··· Data provided

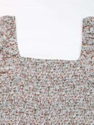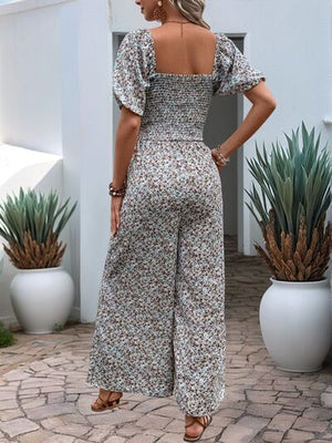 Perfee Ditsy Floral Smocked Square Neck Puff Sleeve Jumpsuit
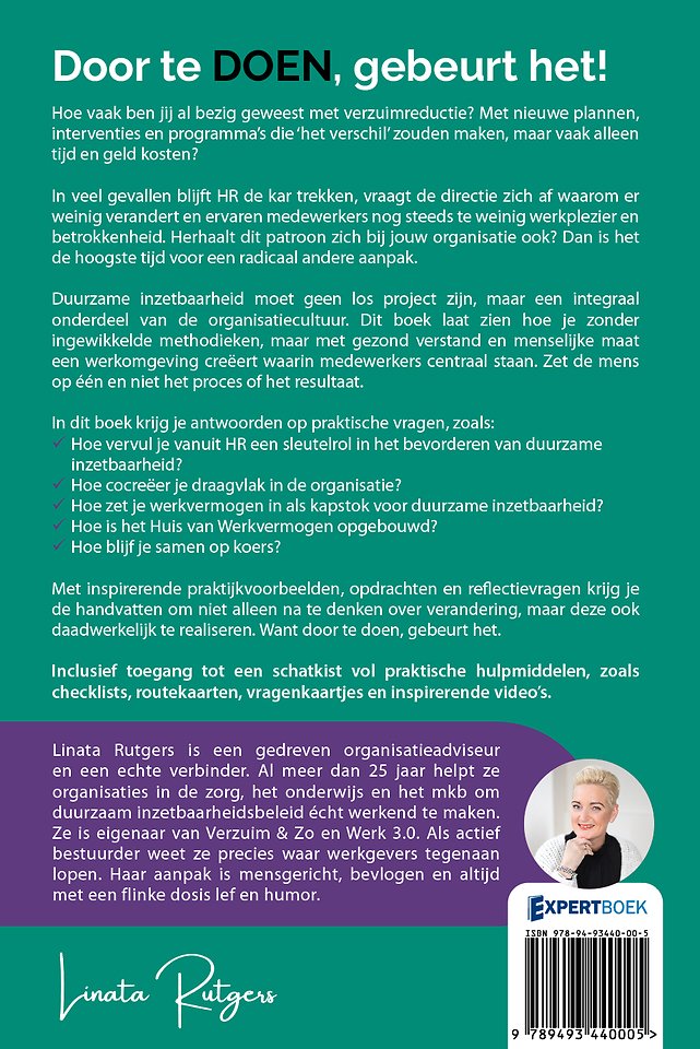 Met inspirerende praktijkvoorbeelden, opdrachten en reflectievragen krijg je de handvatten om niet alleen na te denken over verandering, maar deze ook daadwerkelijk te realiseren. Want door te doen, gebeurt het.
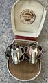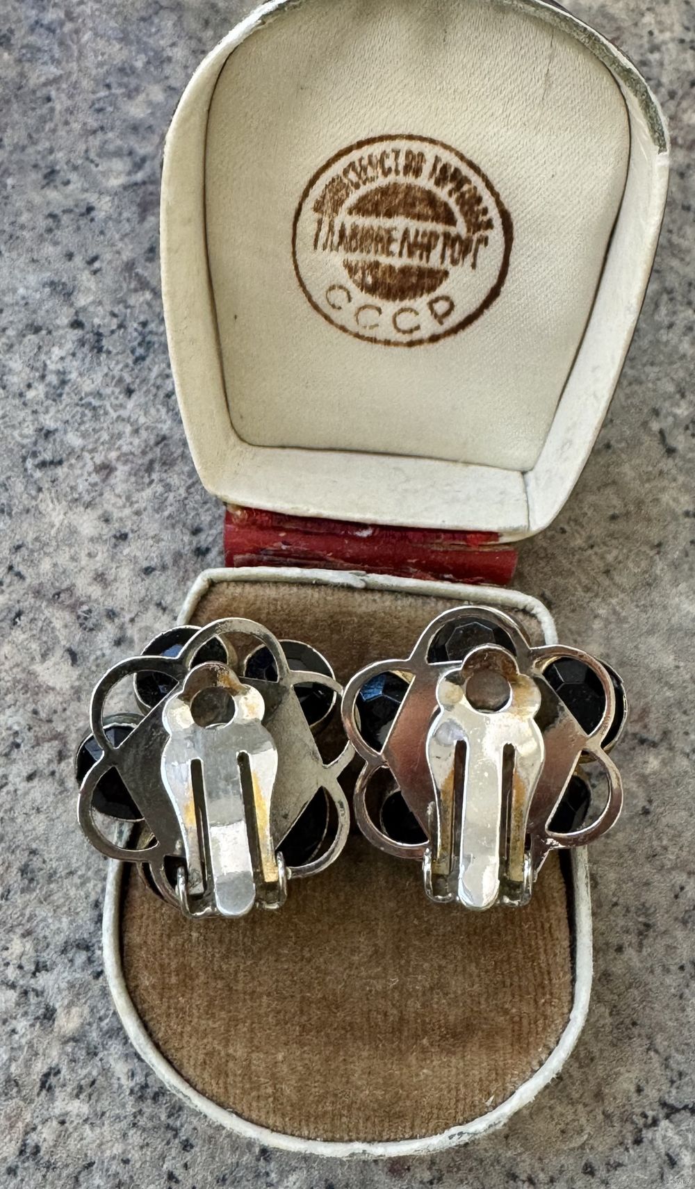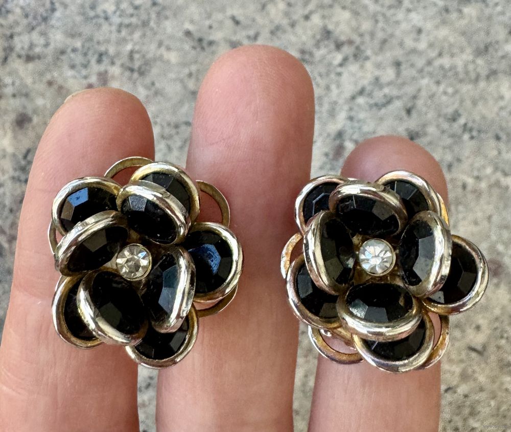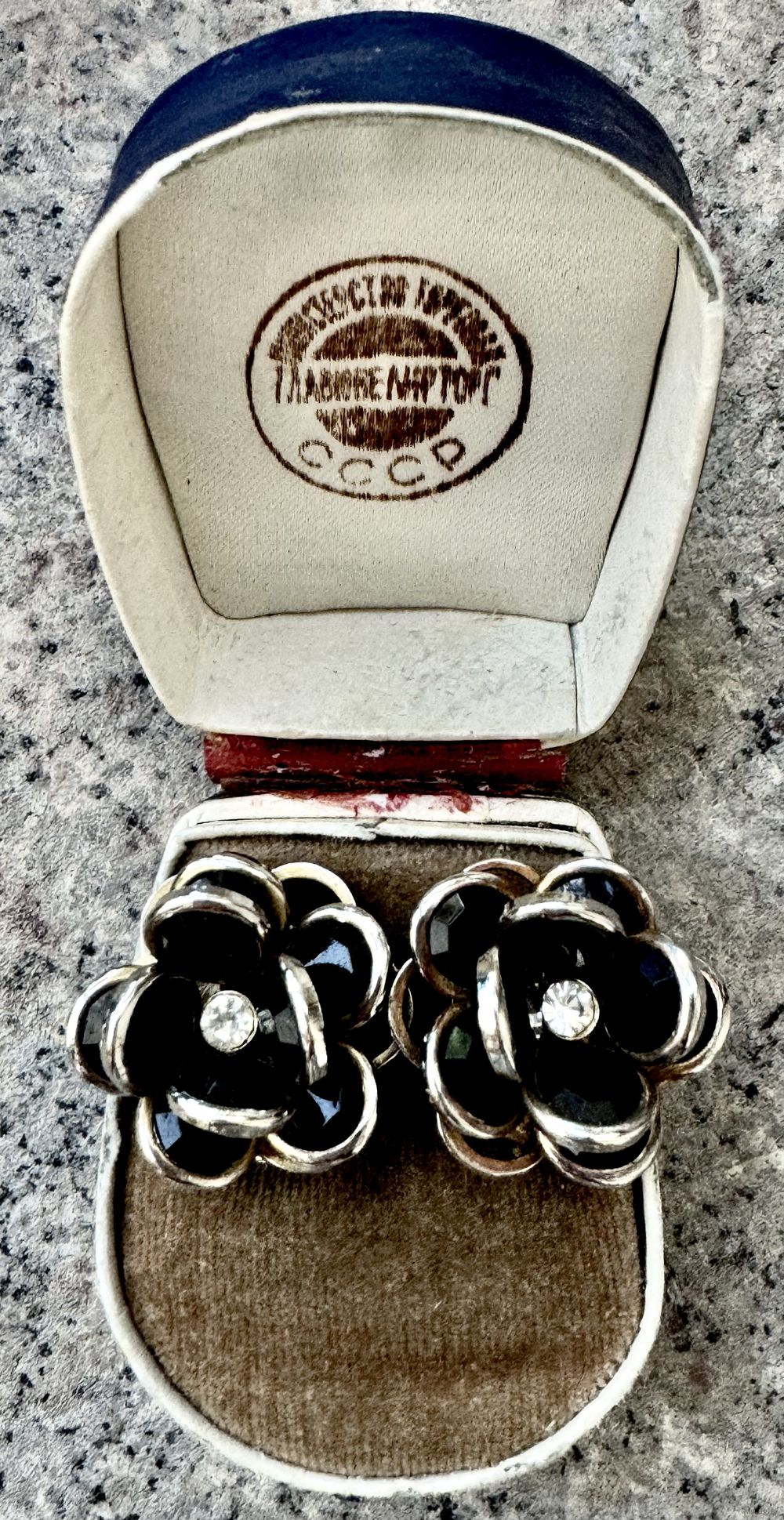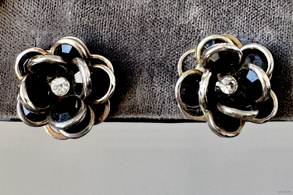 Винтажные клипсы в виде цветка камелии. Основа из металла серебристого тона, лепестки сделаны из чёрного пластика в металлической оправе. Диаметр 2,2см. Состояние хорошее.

······

## Problem description:
Retype verbatim only the lines beginning with the line that contains "Met inspirerende praktijkvoorbeelden, opdrachten" and ending with the last line of the listing above; pictures are to be excluded.

## Answer box:
 Met inspirerende praktijkvoorbeelden, opdrachten en reflectievragen krijg je de handvatten om niet alleen na te denken over verandering, maar deze ook daadwerkelijk te realiseren. Want door te doen, gebeurt het.
 Винтажные клипсы в виде цветка камелии. Основа из металла серебристого тона, лепестки сделаны из чёрного пластика в металлической оправе. Диаметр 2,2см. Состояние хорошее.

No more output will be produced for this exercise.